My target price is $0.  

 

Summary

  • ORGO went public via SPAC thanks to a two year reimbursement advantage called pass-through on PuraPly. PuraPly was ~50% of 2019 sales.
  • ORGO struggled as a public company. It barely grew sales and burned ~$10mm cash per quarter.
  • ORGO raised money at $5, half the SPAC price, in November 2019 and SPAC sponsor had to anchor 60% of the deal.
  • PuraPly was expected to decline 50% when it went off pass-through in October 2020. ORGO was running out of cash and had limited access to capital.
  • A questionable reimbursement scheme with Affinity saved the Company. ORGO priced Affinity 5-10x higher than comparable products which made its usage very lucrative to doctors. ORGO’s CFO quit after this scheme started. 
  • ORGO sales and profitability exploded in mid 2020 (peak Covid) as a result of Affinity.
  • ORGO played the same game with a new version of PuraPly, PuraPly XT, by charging the government an excessively high price and allowing doctors to profit handsomely during Covid.
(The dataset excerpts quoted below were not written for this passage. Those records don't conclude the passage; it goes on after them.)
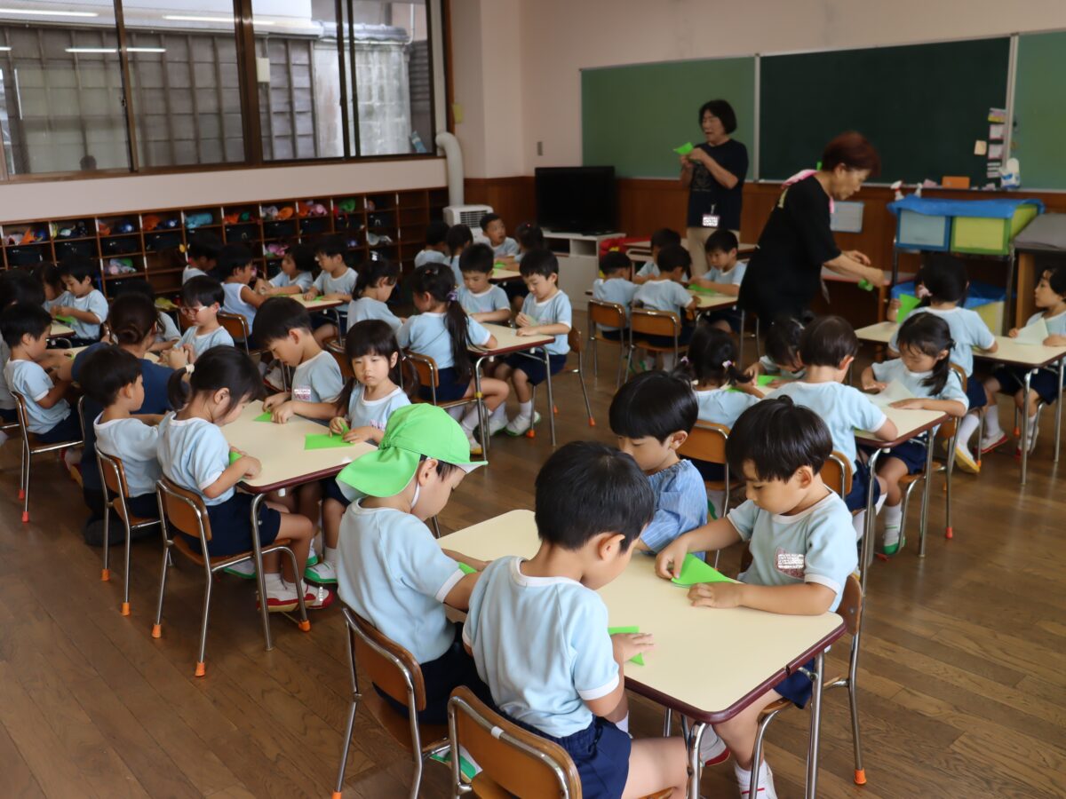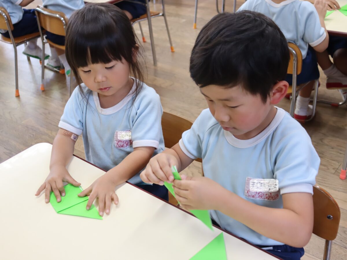 この日は折り紙でバッタを折りました。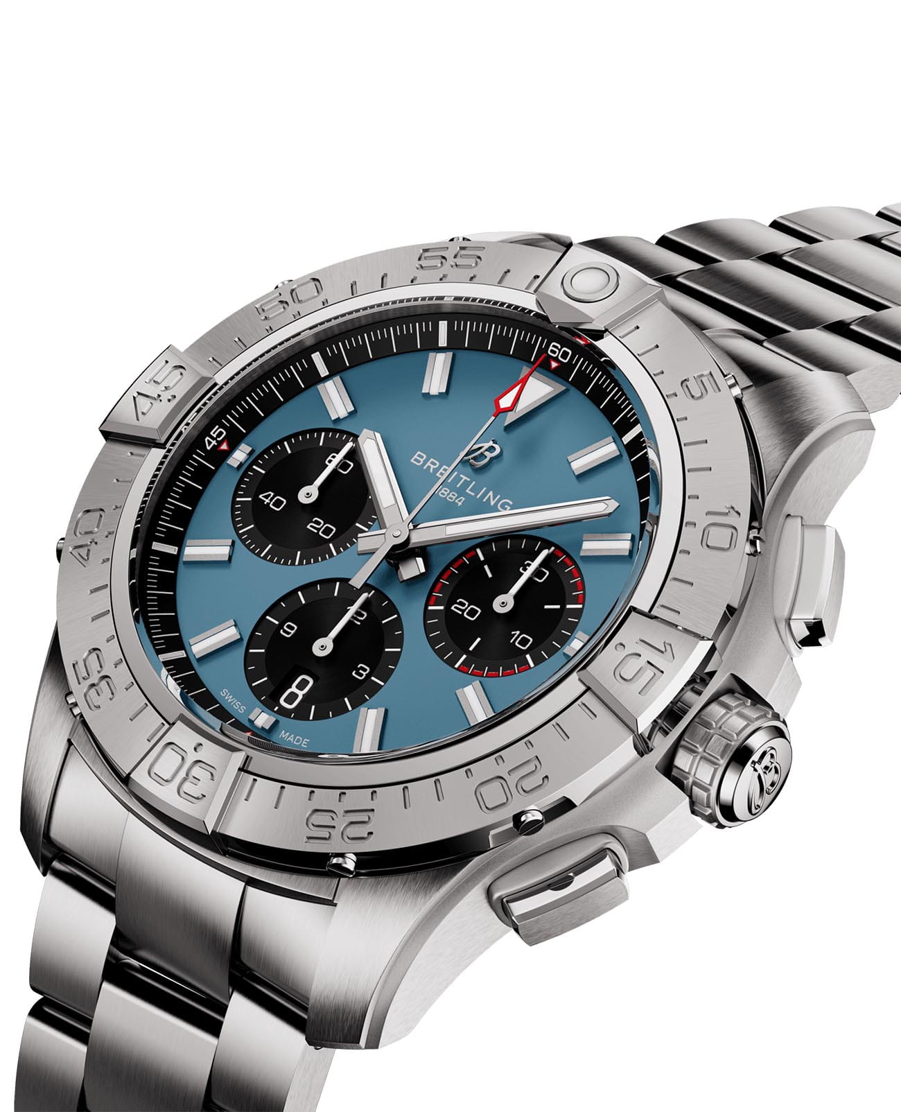 Мужские наручные часы c хронографомХронографФункция позволяет измерять отрезки времени с особой точностью: часы, минуты, секунды. Верным признаком хронографа является наличие на циферблате 3 дополнительных окошек-счётчиков. Breitling Avenger B01 Chronograph 44 AB0147101C1A1 с надёжным автоматическим механизмом. Корпус часов изготовлен из нержавеющей стали. Сапфировое стеклоСапфировое стеклоПрочный и надёжный материал из кристалла сапфира синтетического происхождения, характеризующийся особой твёрдостью и устойчивостью к царапинам и повреждениям. с антибликовым покрытием, устойчивое к мелким механическим повреждениям. Стальной браслет с раскладной застёжкойРаскладная застёжкаТакой тип застёжки используется только на браслетах из металла. Она никогда не раскрывается полностью, происходит разделение на 2 и более частей. Раскладывающая застёжка снизит вероятность потери часов к минимуму.. Стрелки и метки с люминесцентным покрытиемЛюминесцентное покрытиеПозволяет считывать показания времени в темноте. Производители наносят на стрелки, часовые индексы, безель или поверхность циферблата светонакопительный состав, дающий холодное свечение.. Однонаправленный безельБезельВнешний ободок, закрепляющий стекло. В спортивных часах так называется поворотное кольцо с делениями на циферблате, выполняет роль таймера – замеряет отрезки времени на шкале. Неподвижный безель – элемент декора. Однонаправленно вращающийся безель на дайверских часах позволяет фиксировать моменты погружения и выныривания на поверхность.. Класс водозащиты: 300 метров, позволит плавать, нырять и заниматься другими водными видами спорта.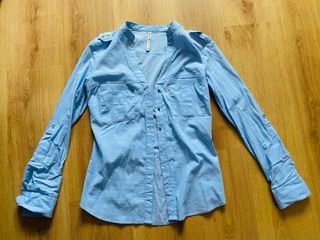 Preciosa camisa tejana de manga larga. Es de color azul claro y talla S. Diseño clásico con bolsillos de plastrón. Acabado desgastado.

This allowed PuraPly to grow 25% instead of declining 50%.
  • ORGOs stock increased 8x in 6 months and insiders sold $140mm.
  • ORGO’s game with Affinity ended in July 2021 when CMS set a permanent price for Affinity. PuraPlyXT does not have a set ASP yet.
  • CMS/Medicare has been frustrated with ORGO’s games. New biologics pricing and reporting rules go into effect January 2022.
  • CMS drops ASP coverage of Affinity, ~40% of ORGO sales, starting October 1st 2021.

 

Conclusion

Organogenesis has been cheating CMS. Insiders have dumped millions of worthless stock. Grab your popcorn to watch this unravel.  

 

Risks

 

ORGO is able to regain CMS pricing at inflated levels. 

 

ORGO intentially dropped off the ASP list in order to play more wholesale pricing games in 4Q21 and in anticipation of taking pricing even higher for 2022 to get in front of new rule changes. So it takes Medicare longer to shut down their games.

 

 

I do not hold a position with the issuer such as employment, directorship, or consultancy.
I and/or others I advise hold a material investment in the issuer's securities.

Catalyst

Earnings misses, investigations, executive departures, negative media stories, additional reimbursement challenges for the company.